インターネットを使うことで、情報の量も早さも格段に変わりました。


ダイオキシン問題の時は、新聞やテレビから入る情報を少しずつ自分の中で消化して理解する時間がありました。
産婦人科学会などが出す医学的な見解もゆっくりだったと、あいまいですが記憶しています。


今回の放射線被ばくに関しては、直後からダイオキシン問題の時代と比較にならないほどの情報やさまざまな解釈がネットを通じて広がりました。


ダイオキシン問題の時には不安を表現するのにも新聞の投書欄やテレビのインタビューぐらいでしたから、限られた人の不安しか伝わることがありませんでした。
もちろん皆不安はあったのですが、それを社会に向けて表現せずに静観するしかありませんでした。


ところが十数年後には、人はtwitterで瞬時に自分の感情を社会に向けて発する手段を手に入れました。


twitterはいろいろな考え方や感じ方があることを知るのには有益なこともあると思います。


ところが、ふだんは周囲の友人2〜3人に聞いてもらって済んでいたような感情がそのまま何百人、何千人という人に向けて伝えることになります。

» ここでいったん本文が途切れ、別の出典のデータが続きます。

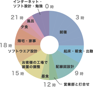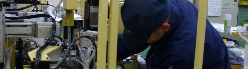 電気に関わる一連の業務に関わっています。具体的には、機械設計から上がってきた図面をもとに装置をどうやって動かすか配線図を設計したり、ハードウエアを動かすためのソフトウエア設計・設置も行います。また、お客様の工場での装置の立ち上げや調整なども私たちの仕事。自分の仕事に責任を持ち、お客様に満足してもらえるように、とプロ意識を持って業務にあたっています。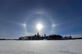 У монастыря в Тверской области запечатлели красивое атмосферное явление

「しゃべってすっきりした」と翌日には忘れてしまうような感情だったはずなのに、twitterを使うことで社会を大きく動かしてしまうような危険性を感じることも多々ありました。


そしてふだんなら友人が「ふーん」と相槌を打つだけだったものが、知らない人からの「私もそう思う」という反響が、感情をさらに後押ししていまうのではないかと思います。


自分の直感(感情)で判断したことが第三者から賛同を得られれば、自分の考え方は正しいと思いやすいことでしょう。
まだこの時点ではあくまでも「感じた」だけであって、「考え」というほどのものではなくても。

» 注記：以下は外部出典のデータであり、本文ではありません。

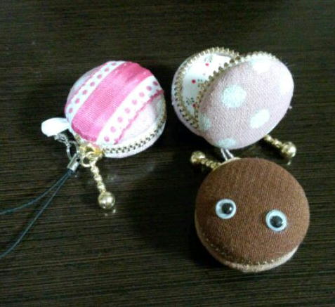 お友達が手作りしてたマカロンストラップが可愛かったのでネットで作り方を調べてみましたこれなら不器用な私にも作れそうかも・・・って思って、頑張って作ってみました♪¥500玉がぴったり入るサイズなので小銭入れに使えそうでも・・・年々視力が落ちてきてる私に針仕事は結構辛かった~1個作っただけでギブアップ写真のピンクのリボンが私の作ったものであとのは娘ちゃん作です。(^^;)ちょこちょこ何かを作るのが好きな娘は、すっかりハマったようで色々と柄を変えて、何個も製作中パパや弟、従姉妹たちに配りまくってる、この頃です

ダイオキシン問題の時には、ひとりひとりがもう少し自分の感情に向き合い、考える時間があったことが、ふたつめの違いです。


<歴史に「もし」はないけれど>


1990年代に今回の放射線被ばくの問題が起きていたら、つまり20代の子育て世代が大半でインターネットという情報網がまだそれほどの広がりをもっていなかったら・・・。


おそらく、不安ながらも「健康にただちに被害はない」というメッセージを信じて静観する人がほとんどではなかったかと思えるのです。


南関東放射線量を見て「不安だから移住したい」と周囲の人に話しても、twitterで得られるほどの賛同はなく、実行に移すことも少なかったかもしれません。


なにより20代の時期に、周囲のお母さん達へ影響を与えるほどのリーダーシップをとれる人は少ないことでしょう。


でも30代・40代のお母さん達と言うのは、非常に勉強家でアクティブです。
「子どもたちを守る必要がある」と考えれば徹底的に情報を集め、周囲の人たちを巻き込む能力がある世代です。


の中で、以下のようにありました。

一方、流言を受け取っても、批判能力の高い人の場合には、他の情報源にあたってチェックするなどの情報確認行動をとることにより、真偽を見分け、流言の伝播を食いとめることができる。

これは諸刃の剣だともいえるかもしれません。